Exercise:
Two lines in the listing below mark the span: one contains "Aquesta nena, amagada" and one contains "Goldtone Adjustable Beaded". Reproduce both of them and everything between, exactly.

Data extract:
* * * * * * *
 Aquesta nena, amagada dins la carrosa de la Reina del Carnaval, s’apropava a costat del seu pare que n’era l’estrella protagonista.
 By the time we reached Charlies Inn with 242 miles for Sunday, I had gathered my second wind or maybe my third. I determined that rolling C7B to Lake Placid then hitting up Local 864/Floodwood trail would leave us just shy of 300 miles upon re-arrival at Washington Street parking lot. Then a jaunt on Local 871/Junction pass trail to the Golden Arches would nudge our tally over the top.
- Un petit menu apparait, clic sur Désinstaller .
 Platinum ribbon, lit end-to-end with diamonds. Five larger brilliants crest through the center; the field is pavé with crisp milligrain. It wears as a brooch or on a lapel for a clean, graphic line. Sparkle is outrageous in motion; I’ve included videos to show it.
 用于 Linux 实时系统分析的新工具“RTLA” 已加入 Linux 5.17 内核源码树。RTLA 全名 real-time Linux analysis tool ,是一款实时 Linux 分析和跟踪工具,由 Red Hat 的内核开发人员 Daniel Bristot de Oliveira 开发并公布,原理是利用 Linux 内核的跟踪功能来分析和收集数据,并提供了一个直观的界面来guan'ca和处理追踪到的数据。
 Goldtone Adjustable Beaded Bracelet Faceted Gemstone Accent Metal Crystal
* * * * * * *
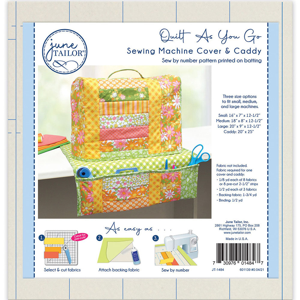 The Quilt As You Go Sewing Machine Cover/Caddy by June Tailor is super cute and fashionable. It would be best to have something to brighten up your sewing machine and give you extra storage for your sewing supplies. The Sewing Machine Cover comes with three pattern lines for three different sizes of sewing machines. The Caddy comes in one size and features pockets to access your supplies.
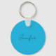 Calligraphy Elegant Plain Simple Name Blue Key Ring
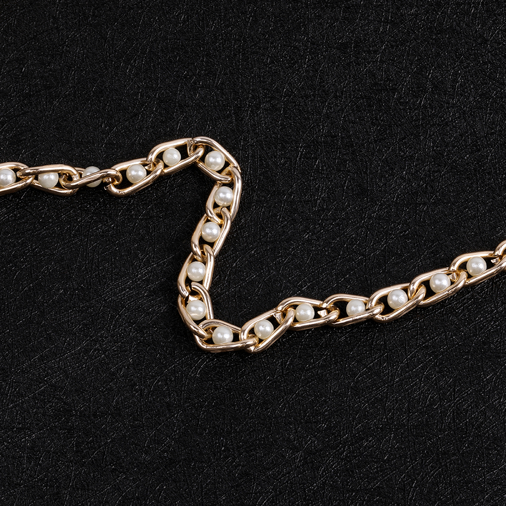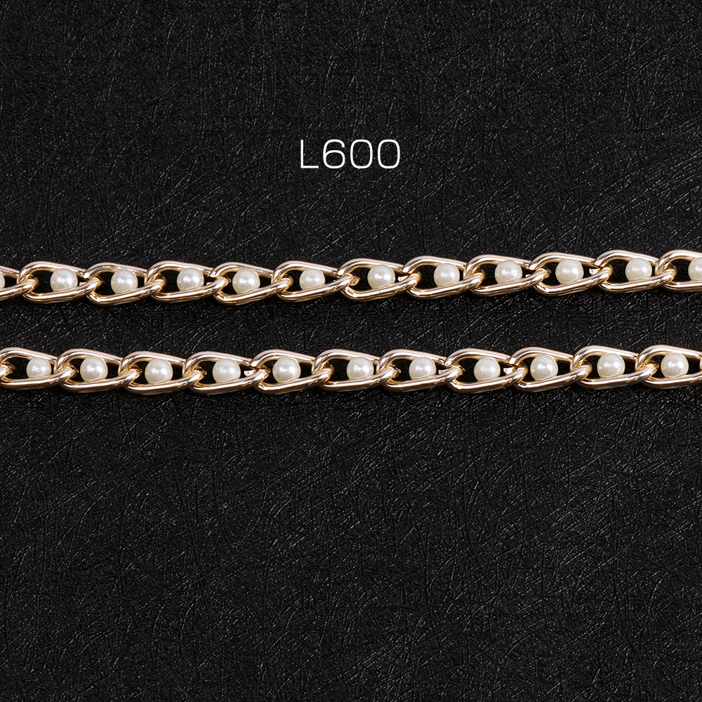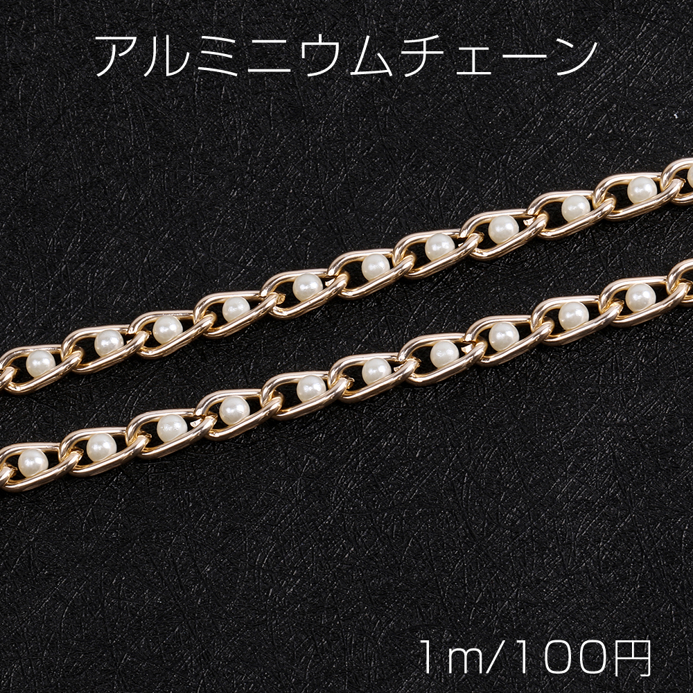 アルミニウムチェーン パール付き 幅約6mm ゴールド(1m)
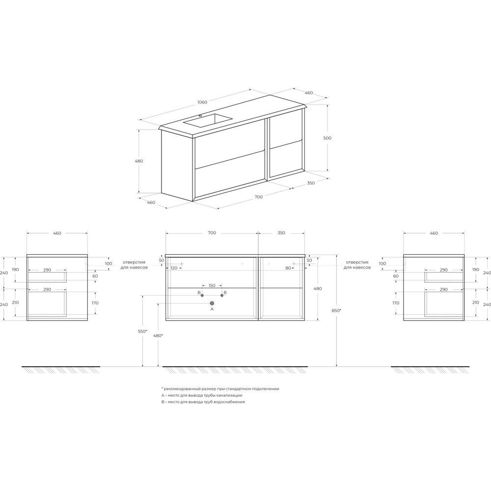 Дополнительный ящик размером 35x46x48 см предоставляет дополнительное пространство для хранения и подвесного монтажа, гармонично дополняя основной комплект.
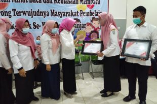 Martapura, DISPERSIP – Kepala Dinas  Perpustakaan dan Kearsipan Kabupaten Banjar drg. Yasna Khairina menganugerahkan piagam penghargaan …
* * * * * * *
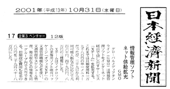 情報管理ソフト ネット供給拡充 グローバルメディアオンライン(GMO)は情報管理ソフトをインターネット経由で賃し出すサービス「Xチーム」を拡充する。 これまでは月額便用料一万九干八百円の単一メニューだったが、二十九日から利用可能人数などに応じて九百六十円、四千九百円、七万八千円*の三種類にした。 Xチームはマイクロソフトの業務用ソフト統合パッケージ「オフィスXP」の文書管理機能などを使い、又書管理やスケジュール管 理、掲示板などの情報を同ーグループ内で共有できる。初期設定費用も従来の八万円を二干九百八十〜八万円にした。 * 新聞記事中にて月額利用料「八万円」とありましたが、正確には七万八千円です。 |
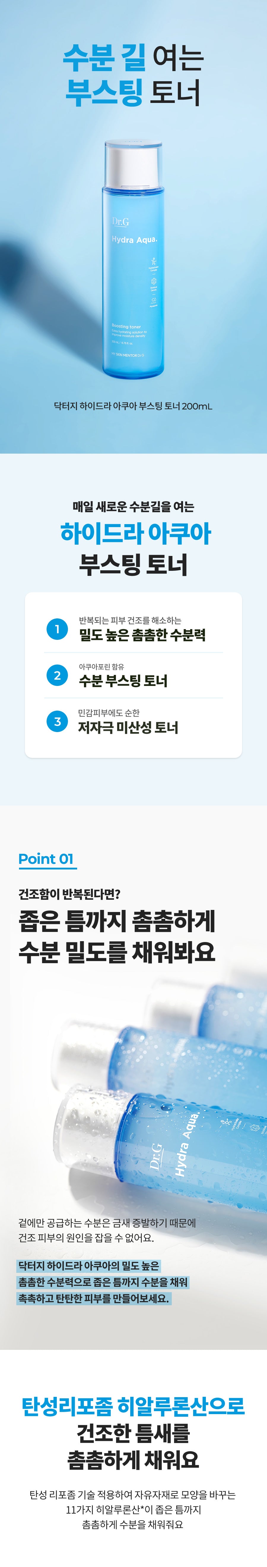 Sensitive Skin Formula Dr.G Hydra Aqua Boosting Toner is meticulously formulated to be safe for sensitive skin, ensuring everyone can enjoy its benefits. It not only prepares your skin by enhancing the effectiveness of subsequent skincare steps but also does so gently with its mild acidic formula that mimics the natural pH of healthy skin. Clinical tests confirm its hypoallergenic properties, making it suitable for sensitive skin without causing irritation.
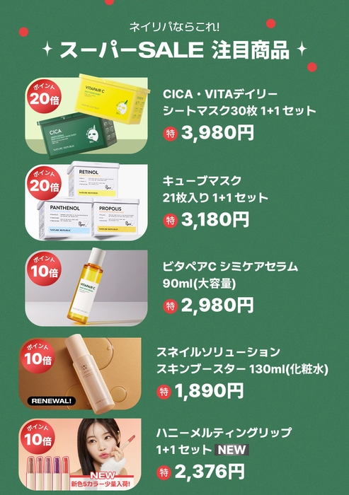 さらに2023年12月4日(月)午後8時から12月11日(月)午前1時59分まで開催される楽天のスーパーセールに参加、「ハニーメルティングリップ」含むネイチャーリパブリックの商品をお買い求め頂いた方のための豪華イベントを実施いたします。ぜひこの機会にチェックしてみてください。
* * * * * * *
Written answer:
 Aquesta nena, amagada dins la carrosa de la Reina del Carnaval, s’apropava a costat del seu pare que n’era l’estrella protagonista.
 By the time we reached Charlies Inn with 242 miles for Sunday, I had gathered my second wind or maybe my third. I determined that rolling C7B to Lake Placid then hitting up Local 864/Floodwood trail would leave us just shy of 300 miles upon re-arrival at Washington Street parking lot. Then a jaunt on Local 871/Junction pass trail to the Golden Arches would nudge our tally over the top.
- Un petit menu apparait, clic sur Désinstaller .
 Platinum ribbon, lit end-to-end with diamonds. Five larger brilliants crest through the center; the field is pavé with crisp milligrain. It wears as a brooch or on a lapel for a clean, graphic line. Sparkle is outrageous in motion; I’ve included videos to show it.
 用于 Linux 实时系统分析的新工具“RTLA” 已加入 Linux 5.17 内核源码树。RTLA 全名 real-time Linux analysis tool ,是一款实时 Linux 分析和跟踪工具,由 Red Hat 的内核开发人员 Daniel Bristot de Oliveira 开发并公布,原理是利用 Linux 内核的跟踪功能来分析和收集数据,并提供了一个直观的界面来guan'ca和处理追踪到的数据。
 Goldtone Adjustable Beaded Bracelet Faceted Gemstone Accent Metal Crystal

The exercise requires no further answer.